多标签图像识别与部分标签的双重镜面语义意识表示融合

Dual-Perspective Semantic-Aware Representation Blending for Multi-Label Image Recognition with Partial Labels

论文作者

Pu, Tao, Chen, Tianshui, Wu, Hefeng, Shi, Yukai, Yang, Zhijing, Lin, Liang

论文摘要

尽管取得了令人印象深刻的进展，但当前的多标签图像识别（MLR）算法在很大程度上取决于具有完整标签的大规模数据集，从而使收集大规模的数据集非常耗时和劳动力密集。培训具有部分标签（MLR-PL）的多标签图像识别模型是另一种方法，其中仅知道某些标签，而其他标签则是每个图像的未知方法。但是，当前的MLP-PL算法依赖于预训练的图像相似性模型或迭代更新图像分类模型以生成未知标签的伪标签。因此，它们取决于一定数量的注释，不可避免地会遭受明显的性能下降，尤其是在已知的标签比例较低时。

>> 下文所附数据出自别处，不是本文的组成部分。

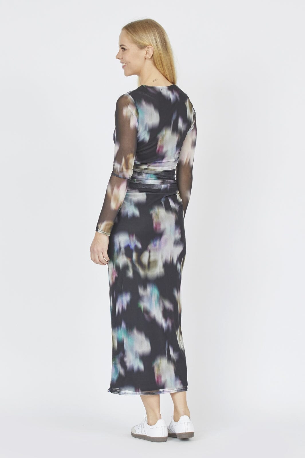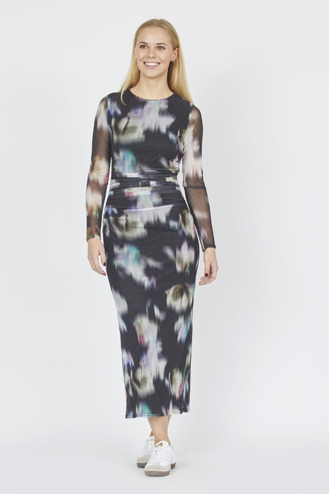 Långärmad klänning från Sisters Point med digitalt tryck i dämpade färger och blommönster. Klänningen har rynkdetaljer vid midjan och går till mitten av vaden.

为了解决这一难题，我们建议分别从实例和原型的角度将跨不同图像跨不同图像跨不同图像跨不同图像的多粒度类别特定语义表示融合多个跨性别语义表示表示形式，以将已知标签的信息传递给不知名的标签。具体而言，实例观点表示混合（IPRB）模块旨在将图像中已知标签的表示形式与另一个图像中相应未知标签的表示形式融合在一起，以补充这些未知标签。同时，引入了一个原型 - 观点表示混合（PPRB）模块，以学习每个类别的更稳定的表示原型，并以位于敏感的方式将未知标签的表示与相应标签的原型融合在一起，以补充这些不知名的标签。在MS-Coco，Visual Genome和Pascal VOC 2007数据集上进行的广泛实验表明，所提出的DSRB始终在所有已知的标签比例设置上均超过当前最新算法。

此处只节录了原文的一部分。